§ WHAT IS EXPECTED: Transcribe, starting at the line with "그리고 실행계획에서도 디폴트 파티션은 빠졌습니다." and ending at the line with "1学期の「始業式」の前に、こ", every line of the material below exactly, but leave out the pictures and anything outside that span.
*** Begin section ***
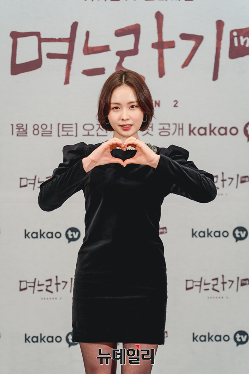 배우 최윤라가 7일 오전 온라인으로 진행된 카카오TV 오리지널 '며느라기2...ing(연출 이광영, 극본 유송이)' 제작발표회에서 포즈를 취하고 있다.
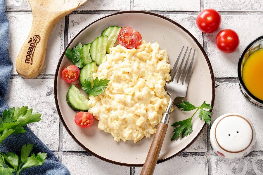 Скрэмбл готов. Я подавала с овощами. Приятного аппетита!
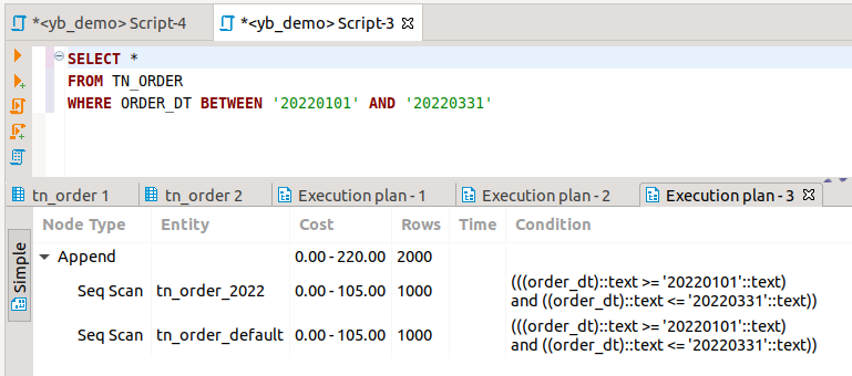 그리고 실행계획에서도 디폴트 파티션은 빠졌습니다.
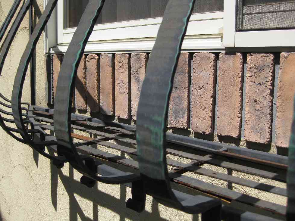 【アイアン製のフラワーボックス】2014年5月30日(金)お家の点検10年目(富山市Y邸) 2014.06.27 アイアン製のフラワーボックスです。表面は防錆処理が施してあるのですが、10年経過した今は一部に錆が発生しているのが確認されました。錆が垂れて外壁等を汚すことも想定されるので、新たな塗装の必要性を助言。
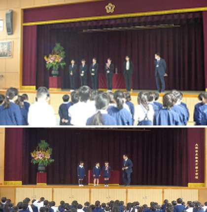 1学期の「始業式」の前に、この春の異動で、新しく新東三国小学校に赴任した教職員の「着任式」を行いました。
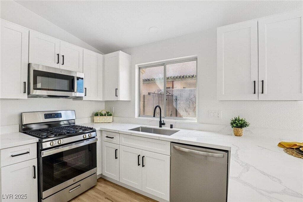 This beautifully renovated single-story home offers exceptional access to the 95 Freeway and Summerlin Parkway, placing you minutes from shopping, dining, and entertainment. Inside, you’ll find a thoughtfully upgraded 2-bedroom, 2-bath residence spanning 1,130 square feet with a bright, open layout designed for modern living. Nearly every surface has been updated, featuring new Luxury Vinyl Plank flooring, white shaker cabinets, quartz countertops, stainless steel appliances, and custom tiled bathrooms that give the home a luxurious, turnkey feel. Step outside to enjoy fresh desert landscaping, creating great curb appeal with low maintenance and clean design. The attached two car garage provides plenty of storage and convenience. Whether you’re a first-time buyer, looking to downsize, or seeking a move-in-ready property near the heart of Summerlin, this home is the perfect blend of comfort, style, and location.
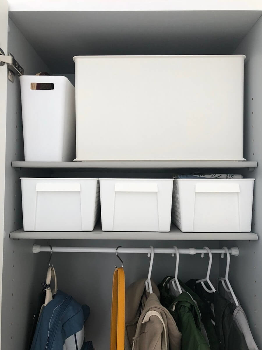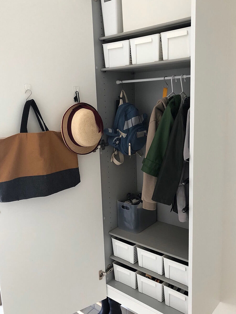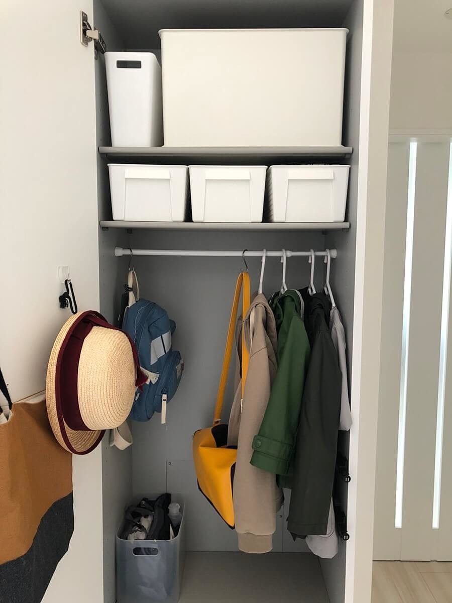 棚を撤去してつっぱり棒導入!モノが増えてもスッキリ玄関収納術
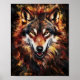 Wolf-Portrait im Feuer- Das Bild zeigt ein nah-aufgelöstes Bild eines Wolfs, das in einem lebendigen und energetischen Stil dargestellt wird. Das Fell des Wolfs ist eine Mischung aus braun, schwarz und weiß, mit einer wichtigen rötlich-braunen Farbe um Gesicht und Hals. Seine Augen sind eine durchdringende gelbe Farbe, und sein Mund ist leicht offen, die scharfen Zähne.
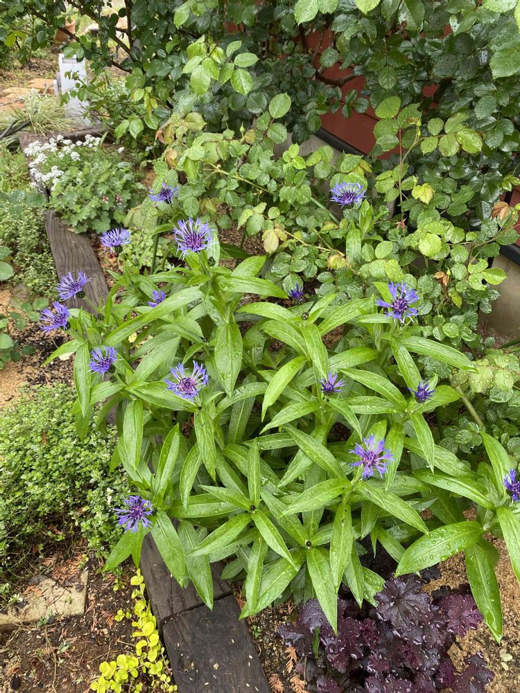 昨年植えた宿根草、留守の間にぐんぐん伸びて花が咲いてました。
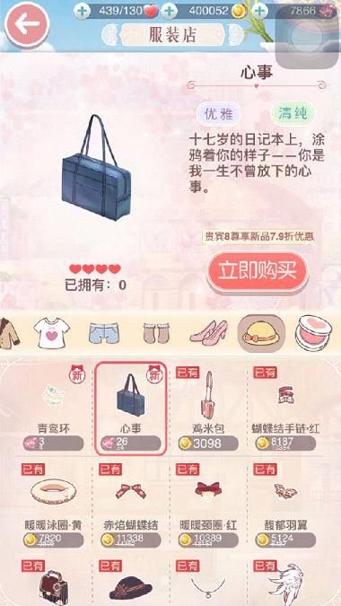 头发22钻+上衣13858金币+下装12474金币+制服袜8537金币+鞋子8617金币+提包26钻
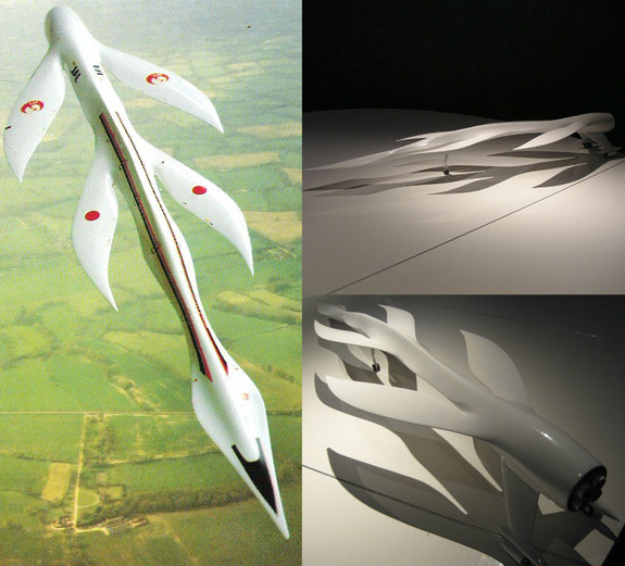 私はこれらの扇子のシェイプをベースにすることをコラーニ教授と相談し、さらに、かつてコラーニ教授がJALのためにデザインした美しい飛行機のラインの一部を親骨に取り入れることにしました。
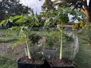 This is not the first time growing papaya for the first time ever. Check out my TR Hovey papaya trees below. They are in 27 gallon storage totes
*** End section ***
§ SOLUTION FOR THIS EXERCISE:
 그리고 실행계획에서도 디폴트 파티션은 빠졌습니다.
 【アイアン製のフラワーボックス】2014年5月30日(金)お家の点検10年目(富山市Y邸) 2014.06.27 アイアン製のフラワーボックスです。表面は防錆処理が施してあるのですが、10年経過した今は一部に錆が発生しているのが確認されました。錆が垂れて外壁等を汚すことも想定されるので、新たな塗装の必要性を助言。
 1学期の「始業式」の前に、この春の異動で、新しく新東三国小学校に赴任した教職員の「着任式」を行いました。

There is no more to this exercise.